Available data:
══════

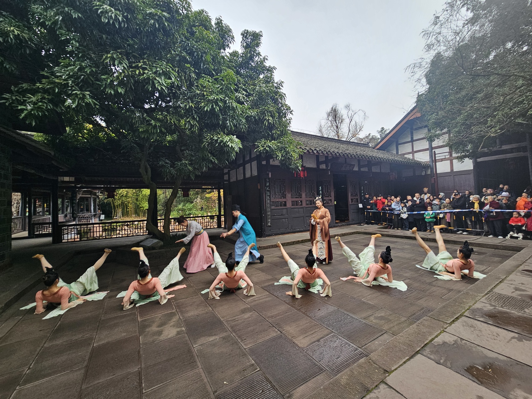 活动期间,不少游客身着典雅汉服漫步园中,衣袂飘飘的身影与古色古香的建筑、精彩的实景剧目相得益彰,为三苏祠增添了更多传统韵味,也成为元旦假期里一道独特的风景线。
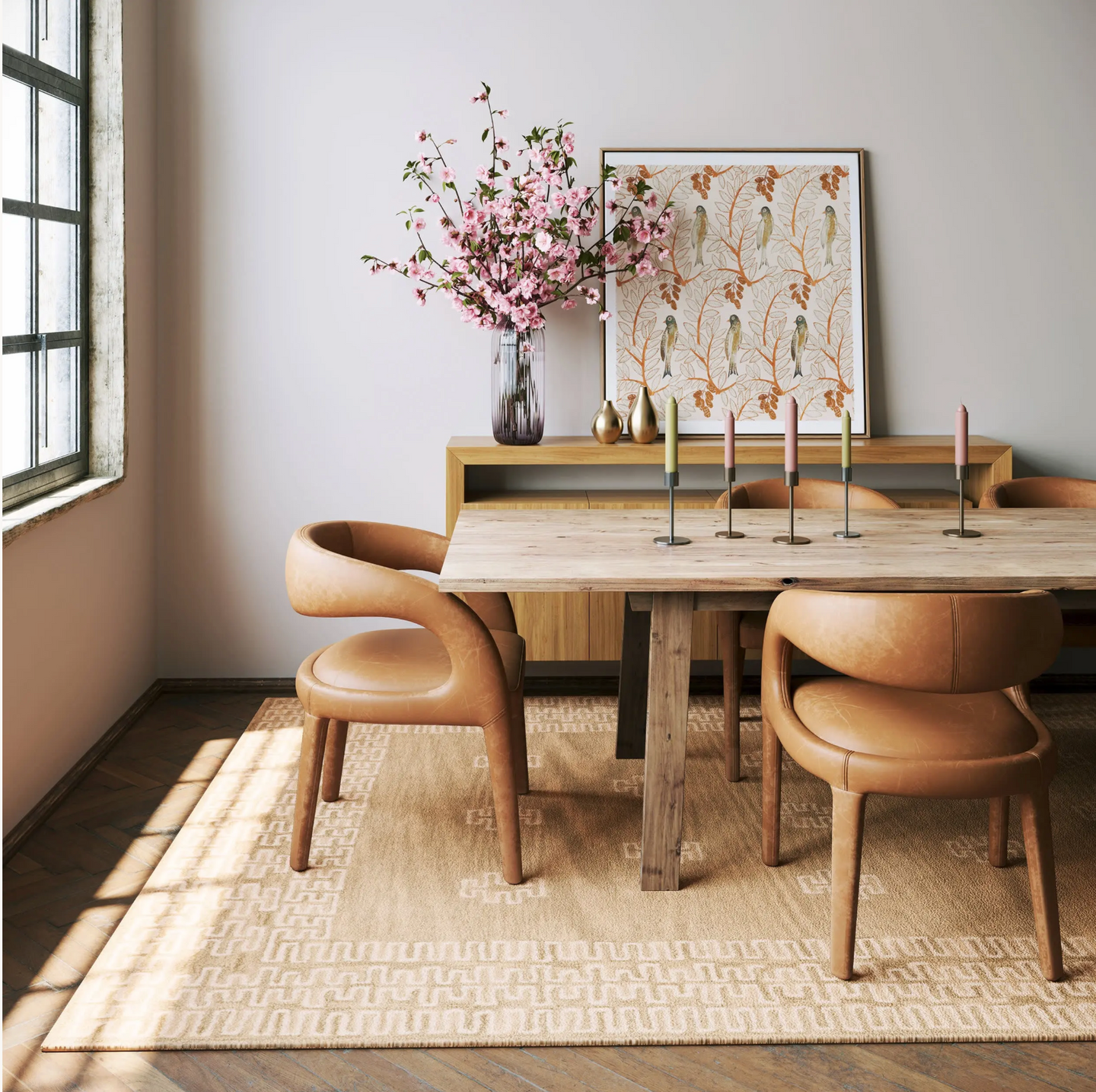 La alfombra Emma, fabricada con lana 100% natural, presenta un elegante tono beige con un patrón de nudos cuadrados en color crema. Su textura suave y resistente es perfecta para cualquier área de tu hogar. Además de su durabilidad, la lana proporciona un excelente aislamiento térmico y acústico, ideal para crear un ambiente cálido y confortable.
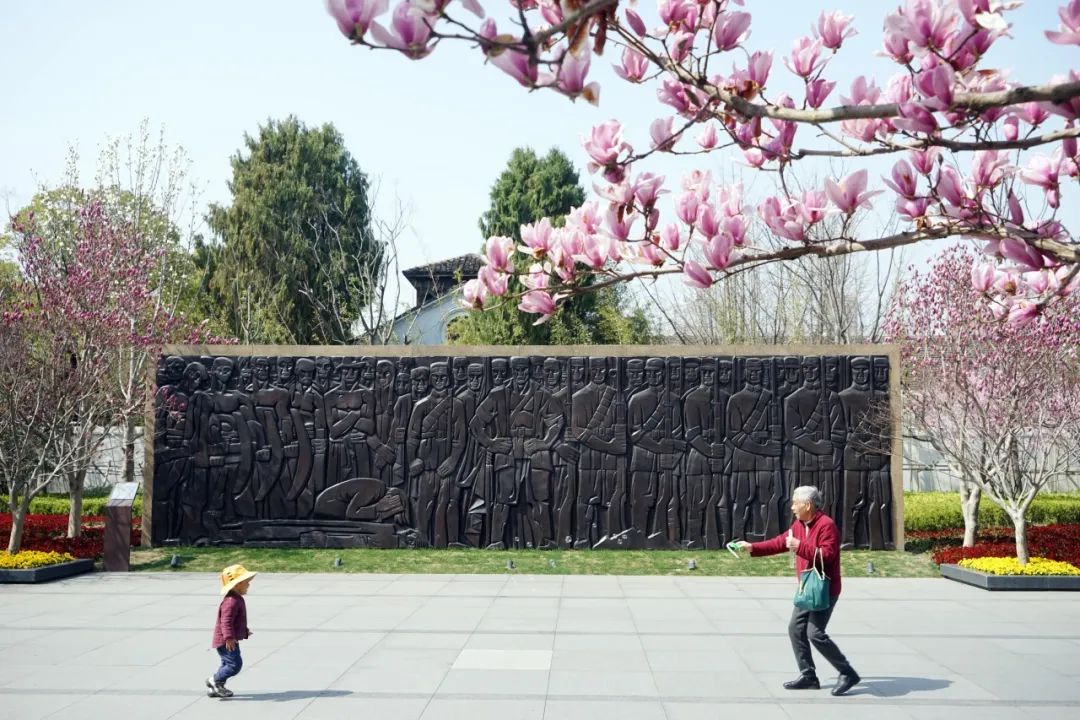 春天白玉兰花开,浮雕《忠魂》已成为游客游园打卡圣地。供稿:周正
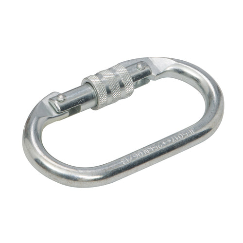 Forged alloy steel karabiner with screw lock gate. Max gate opening 19mm. 100% proof-loaded to 16kN and max breaking strength 25kN. Conforms to EN362. Weight 170g.

══════

What to produce: Please ensure that the data above is repeated exactly, with no pictures in the copy.

Solution to this problem:
 活动期间,不少游客身着典雅汉服漫步园中,衣袂飘飘的身影与古色古香的建筑、精彩的实景剧目相得益彰,为三苏祠增添了更多传统韵味,也成为元旦假期里一道独特的风景线。
 La alfombra Emma, fabricada con lana 100% natural, presenta un elegante tono beige con un patrón de nudos cuadrados en color crema. Su textura suave y resistente es perfecta para cualquier área de tu hogar. Además de su durabilidad, la lana proporciona un excelente aislamiento térmico y acústico, ideal para crear un ambiente cálido y confortable.
 春天白玉兰花开,浮雕《忠魂》已成为游客游园打卡圣地。供稿:周正
 Forged alloy steel karabiner with screw lock gate. Max gate opening 19mm. 100% proof-loaded to 16kN and max breaking strength 25kN. Conforms to EN362. Weight 170g.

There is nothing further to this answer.